TO DO
Given the records below, the lines starting at the line with "gold world map" and ending at the line with "深すぎないVネックラインは、" should be output exactly, both end lines kept and pictures left out.

TASK INPUTS

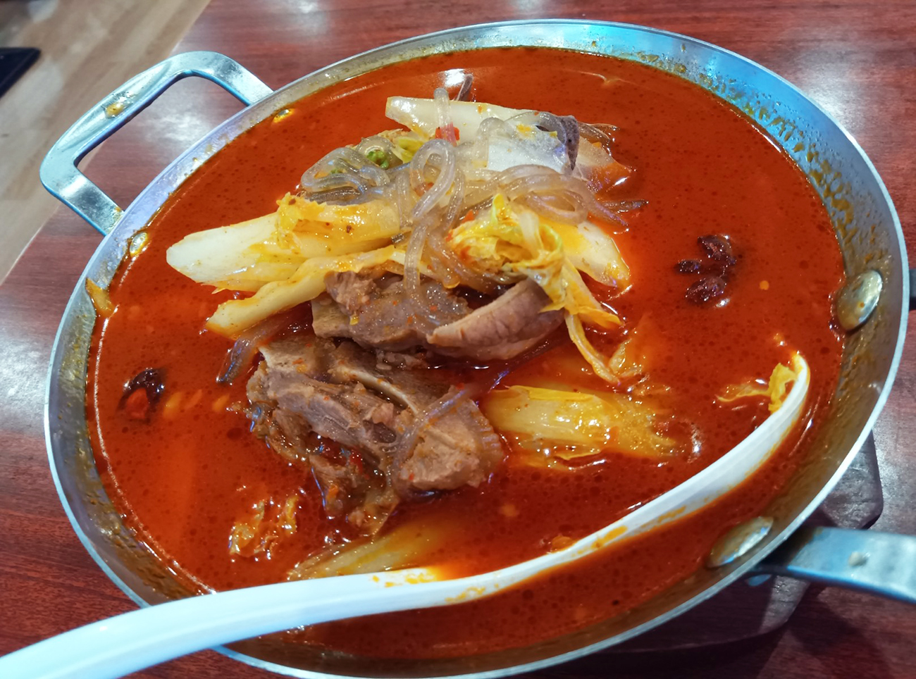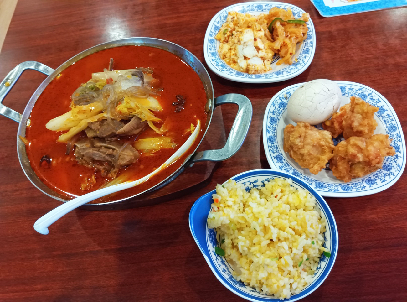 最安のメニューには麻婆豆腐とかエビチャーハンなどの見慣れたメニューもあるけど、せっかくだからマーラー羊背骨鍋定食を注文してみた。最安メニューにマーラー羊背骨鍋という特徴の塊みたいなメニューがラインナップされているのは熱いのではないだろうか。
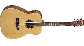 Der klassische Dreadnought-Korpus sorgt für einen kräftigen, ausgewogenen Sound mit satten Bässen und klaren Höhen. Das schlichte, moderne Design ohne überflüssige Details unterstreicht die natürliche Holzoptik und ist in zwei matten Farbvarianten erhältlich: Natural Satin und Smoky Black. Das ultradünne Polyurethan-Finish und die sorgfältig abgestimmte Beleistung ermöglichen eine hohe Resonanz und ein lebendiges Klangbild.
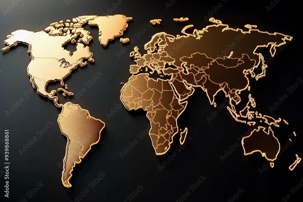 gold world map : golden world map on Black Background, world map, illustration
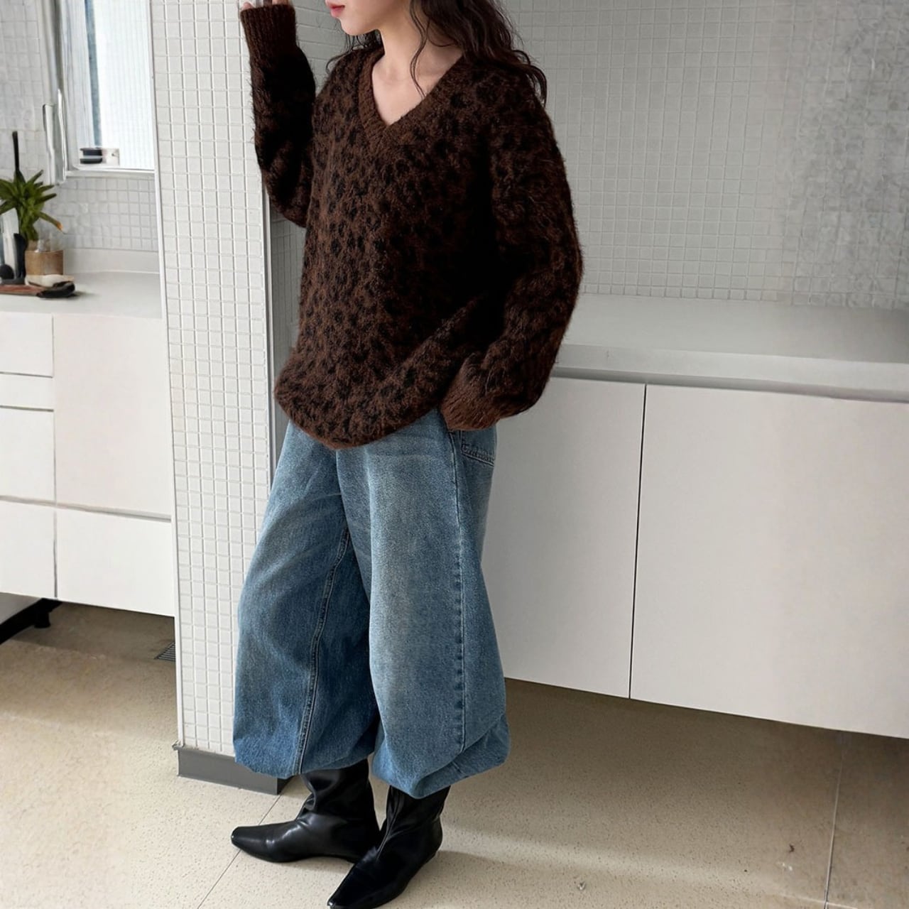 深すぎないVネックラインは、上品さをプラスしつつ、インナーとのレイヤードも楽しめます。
--
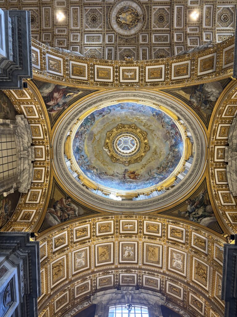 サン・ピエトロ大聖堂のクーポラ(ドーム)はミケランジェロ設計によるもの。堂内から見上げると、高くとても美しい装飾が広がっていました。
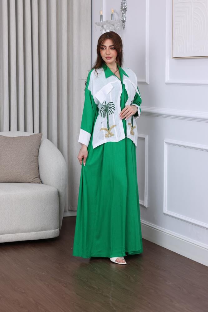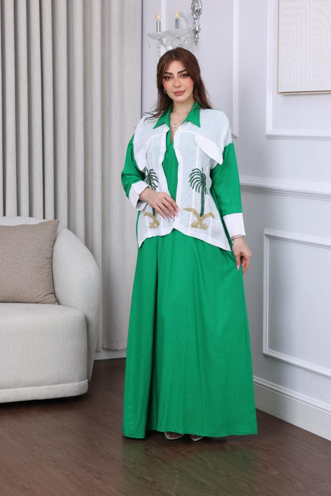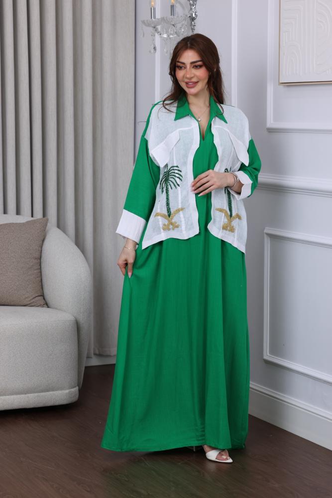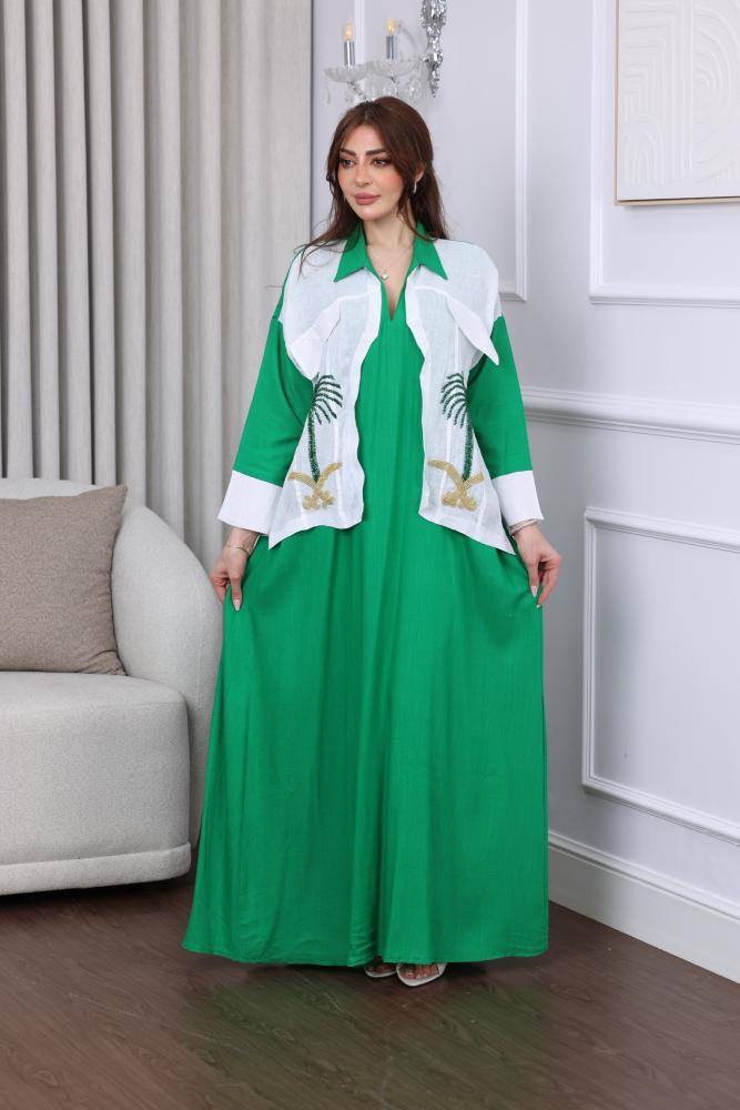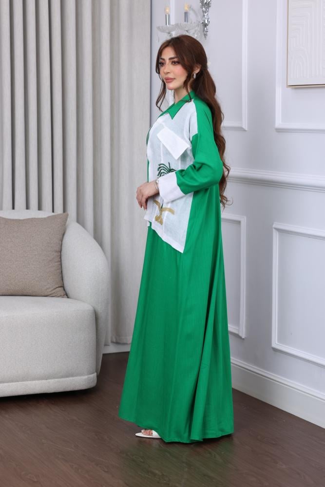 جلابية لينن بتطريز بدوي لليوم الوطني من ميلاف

THE ANSWER
 gold world map : golden world map on Black Background, world map, illustration
 深すぎないVネックラインは、上品さをプラスしつつ、インナーとのレイヤードも楽しめます。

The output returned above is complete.